As with all our research work, it is designed neither to prioritise the interests of financiers, nor those of investee businesses and projects. As ever, the focus is on value creation itself.

The Quality of Money evaluates seven dimensions to investment packages -

Evaluation:

Can your potential funder bring knowledge and expertise to the table? Do they seem to be asking the right questions? Are they challenging you? Don’t for one minute think that a potential funder who knows too little, asks too little and over whose eyes you feel you can pull the wool is any way a good funder.

Businesses need funders who can evaluate propositions thoroughly, helping you spot things you may not have fully explored.

Money which is poor at evaluation may help condemn you to several exhausting and unproductive years chasing a dream which is simply not viable.

Network:

Is your potential funder bringing new connections?

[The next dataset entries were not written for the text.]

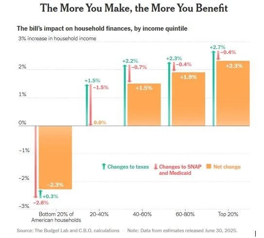 It’s been called the biggest wealth transfer – which might bring to mind money moving from the rich to the poor, but in this case, it is the poor sacrificing even more of what little they have so that the rich can have more. The New York Times had a great graphic of the bill’s effect on households (see below).
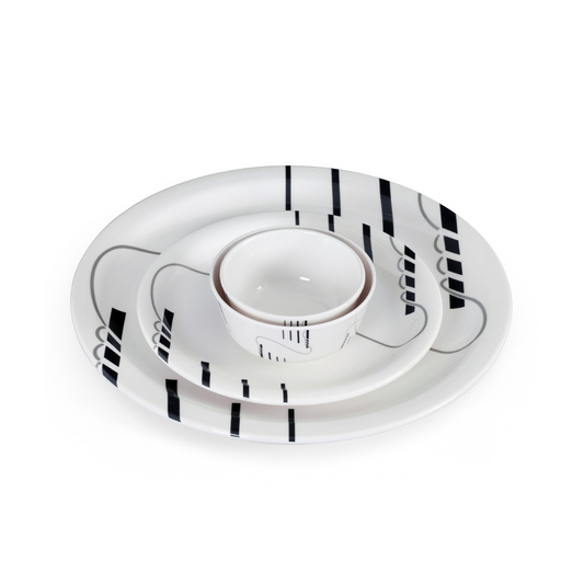 SUPERWARE | Pure Melamine | Dinner Set - STRIP & ROPES | Set Of 24 Pcs. | Stain Free, Glazed Finish
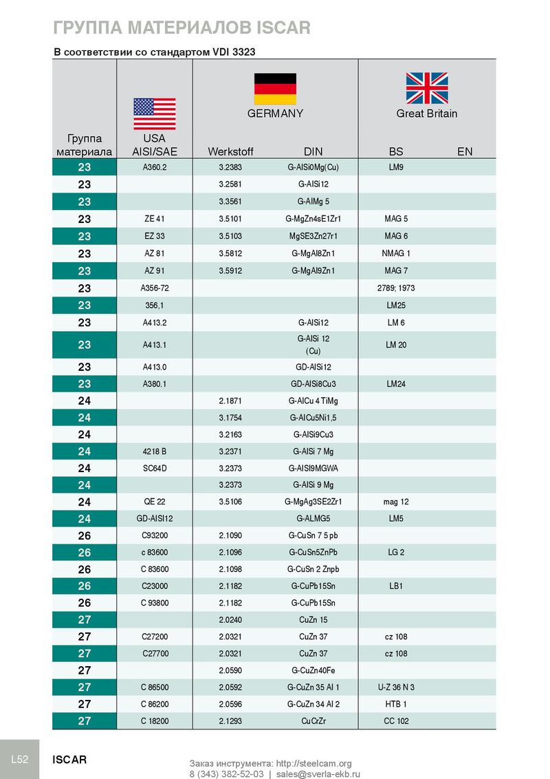 ГРУППА МАТЕРИАЛОВ ISCAR В соответствии со стандартом VDI 3323 GERMANY Great Britain Группа USA France Sweden Italy Spain Japan Russia материала AISI/SAE Werkstoff DIN BS EN AFNOR SS UNI UNE JIS ГОСТ 23 A360.2 3.2383 G-AISi0Mg(Cu) LM9 4253 23 3.2581 G-AISi12 23 3.3561 G-AIMg 5 23 ZE 41 3.5101 G-MgZn4sE1Zr1 MAG 5 23 EZ 33 3.5103 MgSE3Zn27r1 MAG 6 G-TR3Z2 23 AZ 81 3.5812 G-MgAI8Zn1 NMAG 1 23 AZ 91 3.5912 G-MgAI9Zn1 MAG 7 23 A356-72 2789; 1973 NF A32-201 23 356,1 LM25 4244 A5052 AK7 23 A413.2 G-AlSi12 LM 6 4261 G-AlSi 12 23 A413.1 LM 20 4260 ADC12 AK12 (Cu) 23 A413.0 GD-AlSi12 4247 A6061 23 A380.1 GD-AlSi8Cu3 LM24 4250 A7075 24 2.1871 G-AICu 4 TiMg 24 3.1754 G-AICu5Ni1,5 24 3.2163 G-AISi9Cu3 VAL 8 24 4218 B 3.2371 G-AISi 7 Mg AK8 24 SC64D 3.2373 G-AISI9MGWA A-S7G 4251 C4BS AK9 24 3.2373 G-AISi 9 Mg 24 QE 22 3.5106 G-MgAg3SE2Zr1 mag 12 24 GD-AISI12 G-ALMG5 LM5 A-SU12 4252 26 C93200 2.1090 G-CuSn 7 5 pb U-E 7 Z 5 pb 4 26 c 83600 2.1096 G-CuSn5ZnPb LG 2 26 C 83600 2.1098 G-CuSn 2 Znpb 26 C23000 2.1182 G-CuPb15Sn LB1 U-pb 15 E 8 26 C 93800 2.1182 G-CuPb15Sn Uu-PB 15e 8 27 2.0240 CuZn 15 27 C27200 2.0321 CuZn 37 cz 108 CuZn 36, CuZn 37 C 2700 L 63 27 C27700 2.0321 CuZn 37 cz 108 CuZn 36, CuZn 37 C2720 L 63 27 2.0590 G-CuZn40Fe 27 C 86500 2.0592 G-CuZn 35 AI 1 U-Z 36 N 3 HTB 1 27 C 86200 2.0596 G-CuZn 34 AI 2 HTB 1 U-Z 36 N 3 LTs23AD; ZMts 27 C 18200 2.1293 CuCrZr CC 102 U-Cr 0.8 Zr L52 ISCAR Заказ инструмента: http://steelcam.org 8 (343) 382-52-03 | sales@sverla-ekb.ru
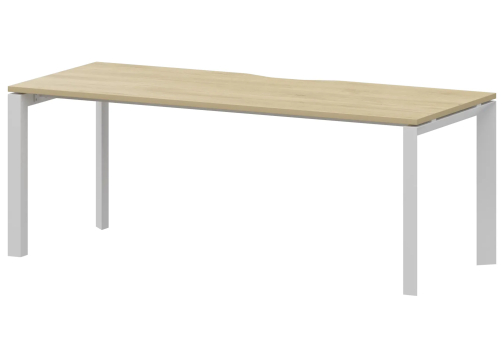 Прямые и эргономичные рабочие столы, бенчи на металлокаркасе П-образной формы. Фурнитура - матовые ручки и квадратные опоры на тумбах и шкафах. Фактура ЛДСП сделана по технологии тиснения «шпон».
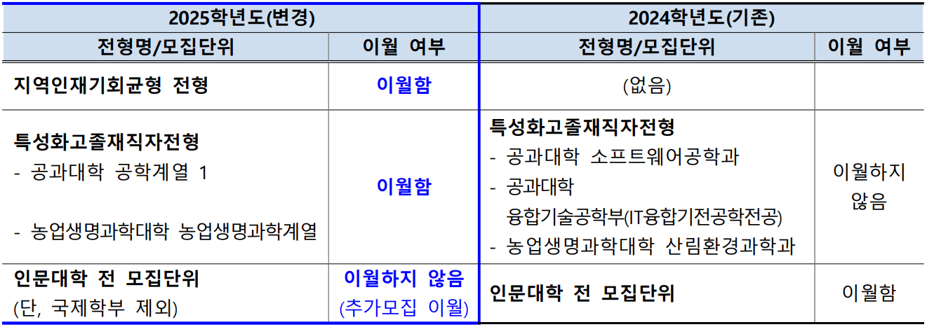 | 구분 | 2025학년도(변경) | 2024학년도(기존) |
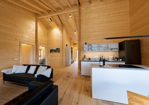 Wir verzichten im maximal möglichen Umfang auf die Verwendung von Kunststoffen im gesamten Bauprozess. Durch die Verwendung hochwertiger Polarhölzer, eine diffusionsoffene sowie massive Bauweise und den konsequenten Verzicht auf chemische Produkte, Farben, Lacke und Kunststoffe garantieren unsere Chalets ein gesundes und nachhaltiges Wohnerlebnis.
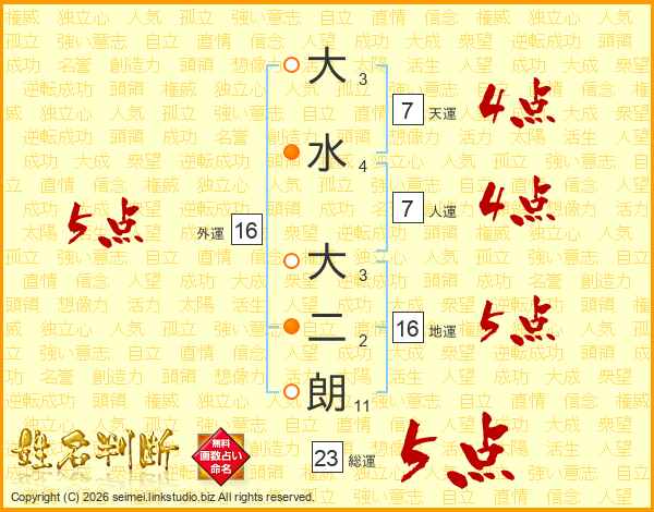 大水大二朗さんの総運は23画の5点!

Are they capable of extending your horizons over new marketplaces, new potential partners and new sources of complementary competence?

Support:

Can your potential funder quickly establish a constructive relationship with you (and your key people) which brings significant motivational and management support? Are these people who you would talk to about your fears and your dreams anyway? Do they bring not only general business acumen but also expertise specific to your own domain of operations?

Quantum:

Does the figure which your potential funder is prepared to invest seem about right? Too little and you might be left nowhere, having not achieved anything particularly significant and thus placed in a very poor position with regards to any possible further funding. Too much and you might be both taking unnecessarily high dilution and also possibly storing up future problems concerning future funding once the initial hype around your company subsides and you have to settle in for the hard grind and hard-won growth that is the normal.

Have you worked closely together to come up with a figure which gives strong prospects for growth but which also recognises the ongoing realities of funding and sustainable value creation?

Mix:

Is your potential funder offering you an investment package which fits in with what you have discussed together is in the best interests of sustained value creation? Or should there be a much greater degree of equity than there is debt, given that the company is going to be engaged in R&D for quite some time and will struggle to meet repayments on top of its business building activities? Or is the company growing very quickly through sales and, with the short term requirement of some of the funding, is there too high an equity component and would it be better to have more debt?

Conditions:

Is your potential funder taking reasonable steps to protect their investment, or are you being tied in knots, with every possibility of losing all autonomy over your affairs?

Funders are absolutely entitled to seek to strike a good deal. So long as the valuation at which an investment is made is within a bandwidth which does not limit the ongoing potential for good value creation, we are not overly concerned about valuation alone.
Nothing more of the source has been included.